In today's Journal Gazette, Washington Bureau chief Sylvia Smith reported, "When Hoosiers vote in November, their ballot choices will decide more than their representatives in Washington for the next two years. Indiana will likely determine whether Republicans remain in charge of the House."
Political observers early this year gauged Democratic chances of a House takeover by hinging them on the scope of the election---whether or not voters would frame the choice in national or local terms. But now, Republicans are embracing the national frame, even using it against their Democratic opponents. The NRCC began running a television ad in IN-08 Friday that asks, if Democrats took control of the House, whether Democrat Brad Ellsworth would support Nancy Pelosi as Speaker. "She and other Democrats want to raise your taxes, cut and run in Iraq, and give amnesty to illegal immigrants," it said. (IOM has requested a copy of the ad from the NRCC.)

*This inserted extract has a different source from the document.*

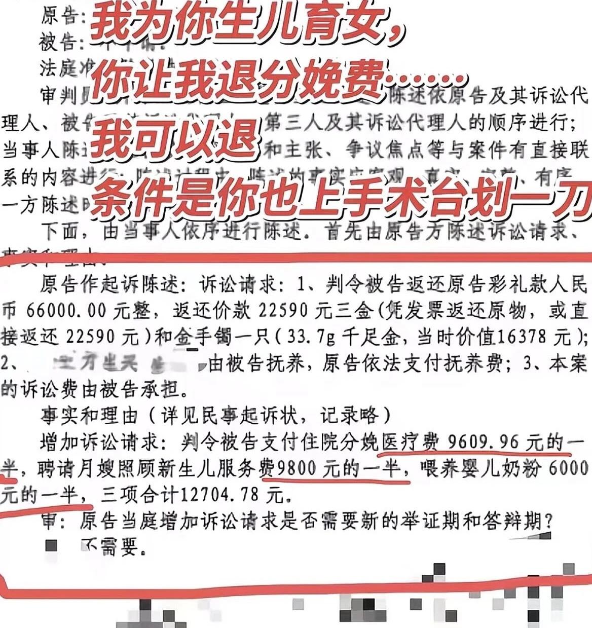 这不仅是要回那十万块的彩礼,连生孩子的住院费、孩子喝的奶粉钱,男方都要一笔一笔跟她算得清清楚楚。

But for the GOP, it's a tactic that requires voters to apply guilt by association---to a candidate that has never even served with Pelosi. It is either indicative of polling data that shows national figures like Pelosi as intensely disliked in Indiana, or a complete lack of issues with which to attack Ellsworth legitimately. It has to be hard for Chris Chocola to credibly charge that Joe Donnelly "opposed the ethanol bill" when he has no voting record in Congress. By that stretch, it's even more incredulous to suggest Ellsworth should have to justify the ideology of Nancy Pelosi.
In IN-09, though Mike Sodrel has the luxury of Baron Hill's tangible, 6-year long voting record, he too is deploying the same tactic. During the WTIU debate last week, Sodrel said Republican leaders were "from the heartland of America...If this House turns over, Nancy Pelosi will be Speaker of the House, from San Francisco, California. The likely Majority Leader would be Steny Hoyer, from Maryland. If you look at the various committee chairs, you're basically taking the leadership from the heartland of America to the coasts. And I think that has to be something you consider when you are considering who you are voting for in this election."
By running against the party, instead of the party's candidate, Hoosier Republicans are constructing straw men, imaginary candidates that need not accurately reflect the actual views of the actual candidates.
But are they also inadvertently nationalizing what they so wanted to be a local election?